There are many things I have learned from spending time with my grandmother and her friends. They are amazing women. Women who are timeless. They were some of the pioneers of their generation, leaving religion behind because it began to not seem so accepting, avoiding the strict marriage → kids → stay-at-home mother pipeline. They are inspirations to younger generations, women and men alike.
These women are still working and are in leadership positions. My own grandmother is 73 years-old, owns her own business, and still works Tuesday-Saturday usually 9 a.m. to 4 p.m.
I learned too many lessons from spending a lifetime with them and more particularly the first three weeks in December, but I have narrowed them down to the top eight, for now.
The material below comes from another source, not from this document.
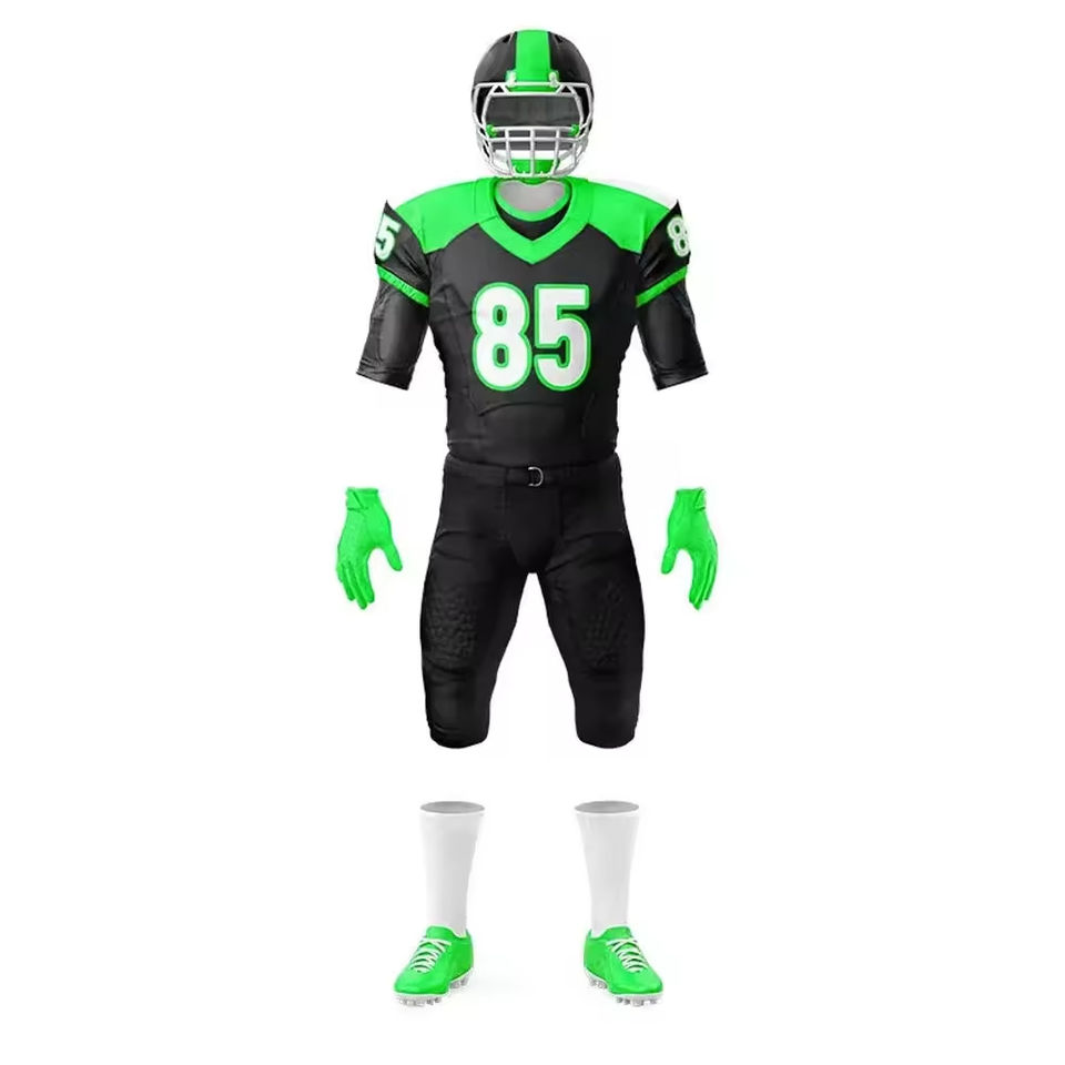 ชุดยูนิฟอร์มอเมริกันฟุตบอลทำจากโพลีเอสเตอร์ ระบายอากาศได้ดี ปรับแต่งได้ สำหรับผู้ใหญ่ ทั้งชายและหญิง ป้องกันแบคทีเรีย ขายส่ง

1. You might not use your college degree for your job/career, and that’s OK
Many of these women and I would even go as far as to say MOST of them, did not use their degree, or their intended degree, especially undergraduate. You might not use your degree for your first, second, or third job, but experience is everything and the experience you gained while you were in college means a lot too.fa
2. You will miss feeling scared and nervous about your future
When you don't feel this way anymore, you will wish you had that feeling and those moments back. When you are older and comfortable, you will miss the times when you weren't sure what you were going to do with your life or when your next paycheck would be.
3. There really is "the one"
There can also by many people in your life who are "the one," just realize that you will know when there is "the one." If this means you find one, two, or three of "the one," you will know; wait for that feeling.
4. Men will never think like women, and vice versa
Technically two of them said, on separate occasions, not even when they were together, proclaimed the exact same thing: "Men are stupid." I did not want to say it particularly this harshly, but I will state the obvious here that not ALL men.
When pressed into further detail, they described particularly what I stated above, that men do not think like women and that is hard to understand how they make their decision, but this can also go both ways.
5. “Things” are just “things”
From major red wine spills to accidentally using too much bleach and ruining your favorite (and maybe most expensive) set of sheets, things are simply just things. Don’t fret over them unless they are entirely irreplaceable, but again, regardless they are just things. They are inanimate objects and can (and most likely will) be replaced. It is a waste of time to worry about them.
6. Try to stay debt free
No credit score at all is better than a bad credit score. Try to pay for everything in cash so you don’t accumulate debt. And if you are in debt, pay it as soon as possible so that you don't end up paying a bunch extra (even up to double the amount in some cases).
My grandmother also suggests looking into Financial Peace University with Dave Ramsey, she says she learned so many important financial lessons from him and you could too.
7. Don’t remain unhappy, in any aspect of your life
From relationships to jobs, if you are not happy then leave. Don’t second guess it, don’t think of everything you could be losing, just leave. You will figure it out somewhere else or with someone else or with a new job so just leave. You will (probably) look back and laugh at the matter and be so glad you made that decision because of where you end up.
8. You will probably change your path more than once
Whether it is deciding you want a major career change, relocation, new partner, etc. you will most likely not end up where you thought you would be at twenty-four. You might, but probably not. So anticipate that change will occur and that you are not predestined for anything. You might just change your mind about a lover, career, and/or place to live in a heartbeat and this is OK, and even fun and a good idea.
So all in all, there are too many golden pieces of advice I have acquired from some of these role models of mine. Take the time to listen to your own grandparent's advice and life experience, it is usually so important and is only acquired from people who have been around a lot longer than you.